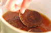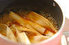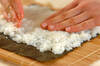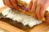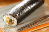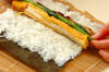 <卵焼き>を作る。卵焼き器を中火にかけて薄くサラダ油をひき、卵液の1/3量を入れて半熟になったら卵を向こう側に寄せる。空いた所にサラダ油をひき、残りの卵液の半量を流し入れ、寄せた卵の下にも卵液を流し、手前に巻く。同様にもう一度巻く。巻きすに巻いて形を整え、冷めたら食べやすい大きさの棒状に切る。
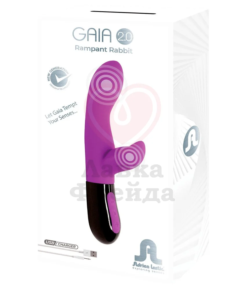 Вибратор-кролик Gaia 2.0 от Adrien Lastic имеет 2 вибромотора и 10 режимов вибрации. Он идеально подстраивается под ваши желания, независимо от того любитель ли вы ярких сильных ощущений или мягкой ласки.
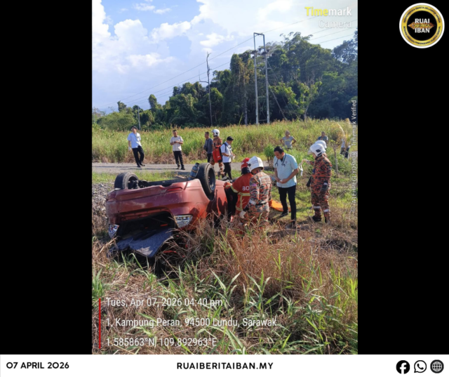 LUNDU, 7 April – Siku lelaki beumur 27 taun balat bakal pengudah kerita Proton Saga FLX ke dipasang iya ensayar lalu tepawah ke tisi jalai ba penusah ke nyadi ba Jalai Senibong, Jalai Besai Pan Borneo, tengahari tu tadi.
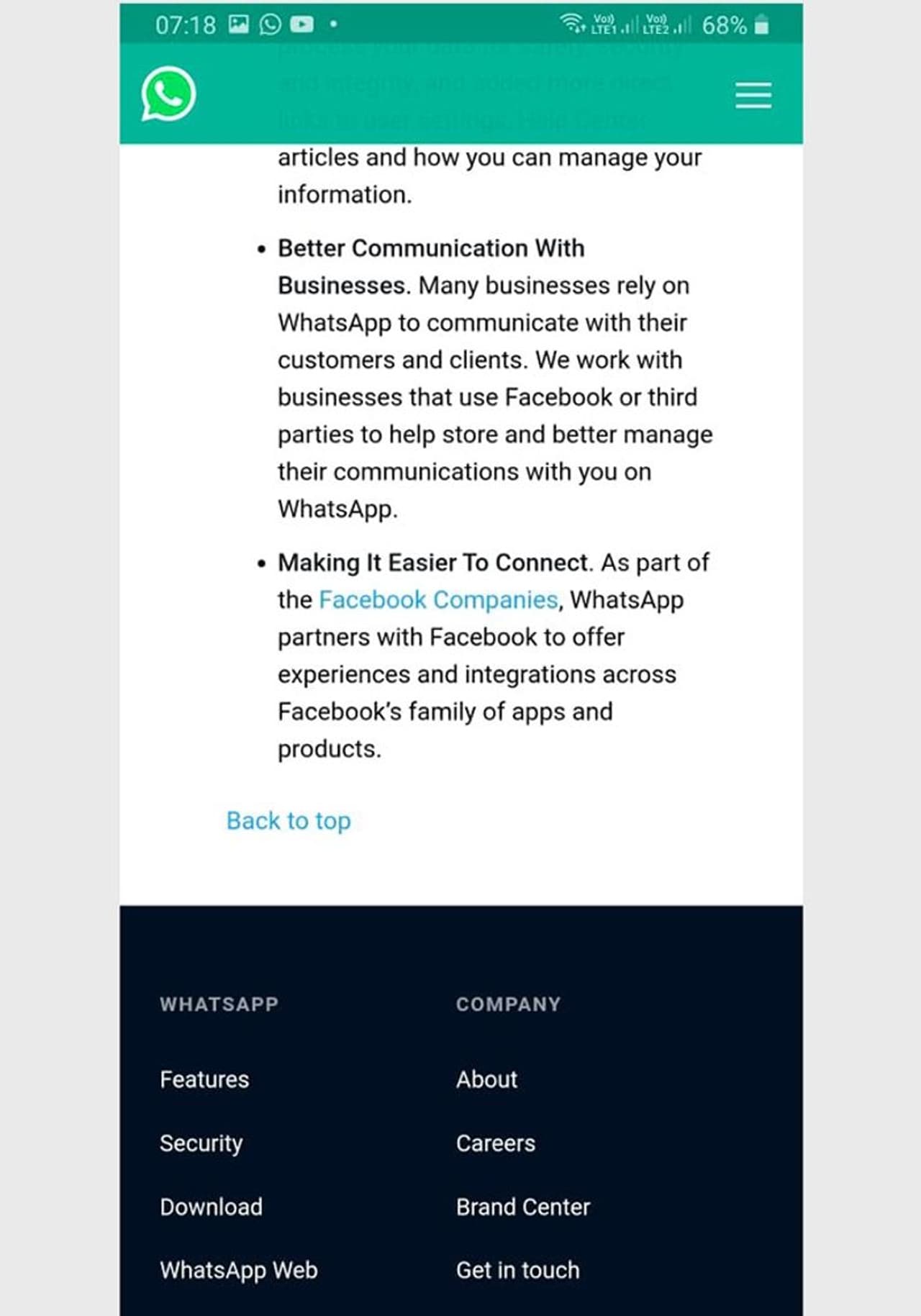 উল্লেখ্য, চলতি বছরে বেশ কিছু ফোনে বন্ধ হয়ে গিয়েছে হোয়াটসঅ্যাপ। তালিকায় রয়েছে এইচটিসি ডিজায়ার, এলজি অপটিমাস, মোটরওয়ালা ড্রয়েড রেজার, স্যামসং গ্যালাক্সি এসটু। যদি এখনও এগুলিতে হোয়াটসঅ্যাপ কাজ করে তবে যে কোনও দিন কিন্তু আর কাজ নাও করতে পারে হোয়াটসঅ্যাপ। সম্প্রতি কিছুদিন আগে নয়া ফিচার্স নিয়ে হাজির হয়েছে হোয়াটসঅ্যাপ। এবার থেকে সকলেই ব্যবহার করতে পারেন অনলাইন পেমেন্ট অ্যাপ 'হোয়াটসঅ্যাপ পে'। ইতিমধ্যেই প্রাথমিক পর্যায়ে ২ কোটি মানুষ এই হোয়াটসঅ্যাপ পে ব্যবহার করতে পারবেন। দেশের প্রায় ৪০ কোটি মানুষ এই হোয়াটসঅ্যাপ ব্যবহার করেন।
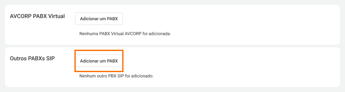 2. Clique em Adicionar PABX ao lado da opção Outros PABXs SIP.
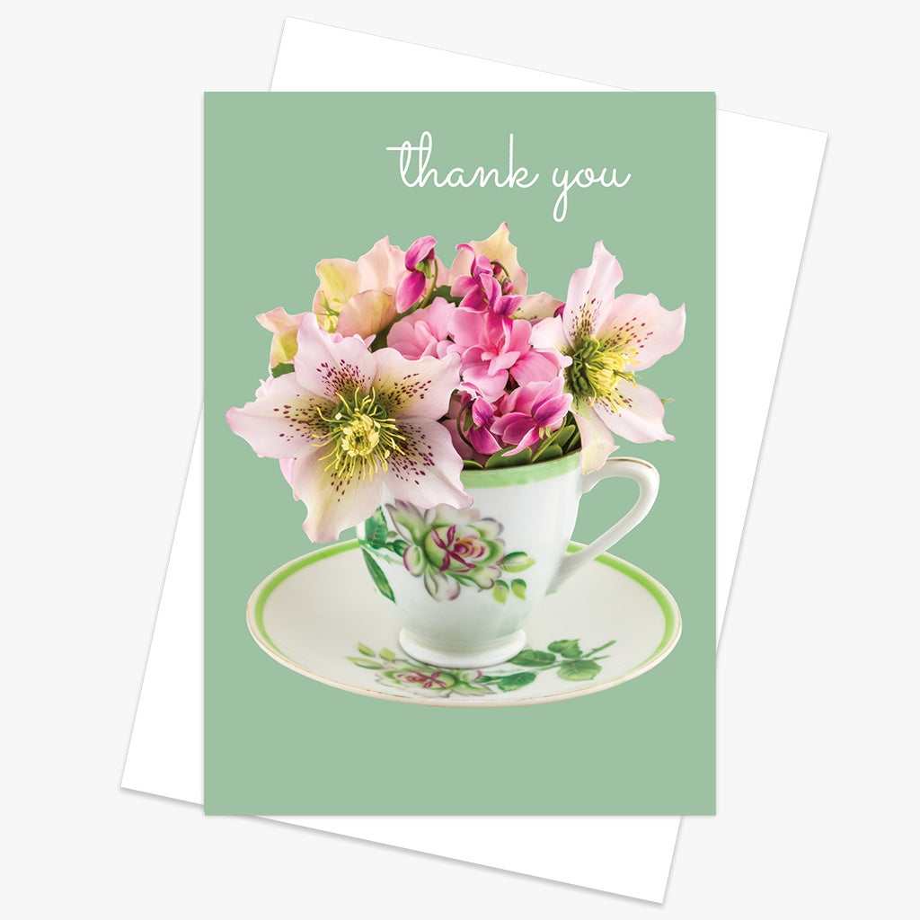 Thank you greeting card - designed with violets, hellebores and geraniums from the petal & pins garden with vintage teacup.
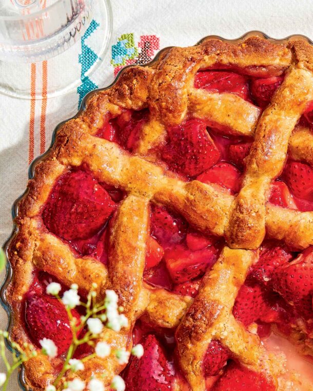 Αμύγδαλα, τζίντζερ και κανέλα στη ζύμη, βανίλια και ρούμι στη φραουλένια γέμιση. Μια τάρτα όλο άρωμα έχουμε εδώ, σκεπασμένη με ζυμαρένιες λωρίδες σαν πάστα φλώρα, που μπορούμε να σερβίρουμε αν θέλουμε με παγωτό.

==========

About this exercise:
Give back the full listing exactly as written, only without its pictures.

Answer to this exercise:
 <卵焼き>を作る。卵焼き器を中火にかけて薄くサラダ油をひき、卵液の1/3量を入れて半熟になったら卵を向こう側に寄せる。空いた所にサラダ油をひき、残りの卵液の半量を流し入れ、寄せた卵の下にも卵液を流し、手前に巻く。同様にもう一度巻く。巻きすに巻いて形を整え、冷めたら食べやすい大きさの棒状に切る。
 Вибратор-кролик Gaia 2.0 от Adrien Lastic имеет 2 вибромотора и 10 режимов вибрации. Он идеально подстраивается под ваши желания, независимо от того любитель ли вы ярких сильных ощущений или мягкой ласки.
 LUNDU, 7 April – Siku lelaki beumur 27 taun balat bakal pengudah kerita Proton Saga FLX ke dipasang iya ensayar lalu tepawah ke tisi jalai ba penusah ke nyadi ba Jalai Senibong, Jalai Besai Pan Borneo, tengahari tu tadi.
 উল্লেখ্য, চলতি বছরে বেশ কিছু ফোনে বন্ধ হয়ে গিয়েছে হোয়াটসঅ্যাপ। তালিকায় রয়েছে এইচটিসি ডিজায়ার, এলজি অপটিমাস, মোটরওয়ালা ড্রয়েড রেজার, স্যামসং গ্যালাক্সি এসটু। যদি এখনও এগুলিতে হোয়াটসঅ্যাপ কাজ করে তবে যে কোনও দিন কিন্তু আর কাজ নাও করতে পারে হোয়াটসঅ্যাপ। সম্প্রতি কিছুদিন আগে নয়া ফিচার্স নিয়ে হাজির হয়েছে হোয়াটসঅ্যাপ। এবার থেকে সকলেই ব্যবহার করতে পারেন অনলাইন পেমেন্ট অ্যাপ 'হোয়াটসঅ্যাপ পে'। ইতিমধ্যেই প্রাথমিক পর্যায়ে ২ কোটি মানুষ এই হোয়াটসঅ্যাপ পে ব্যবহার করতে পারবেন। দেশের প্রায় ৪০ কোটি মানুষ এই হোয়াটসঅ্যাপ ব্যবহার করেন।
 2. Clique em Adicionar PABX ao lado da opção Outros PABXs SIP.
 Thank you greeting card - designed with violets, hellebores and geraniums from the petal & pins garden with vintage teacup.
 Αμύγδαλα, τζίντζερ και κανέλα στη ζύμη, βανίλια και ρούμι στη φραουλένια γέμιση. Μια τάρτα όλο άρωμα έχουμε εδώ, σκεπασμένη με ζυμαρένιες λωρίδες σαν πάστα φλώρα, που μπορούμε να σερβίρουμε αν θέλουμε με παγωτό.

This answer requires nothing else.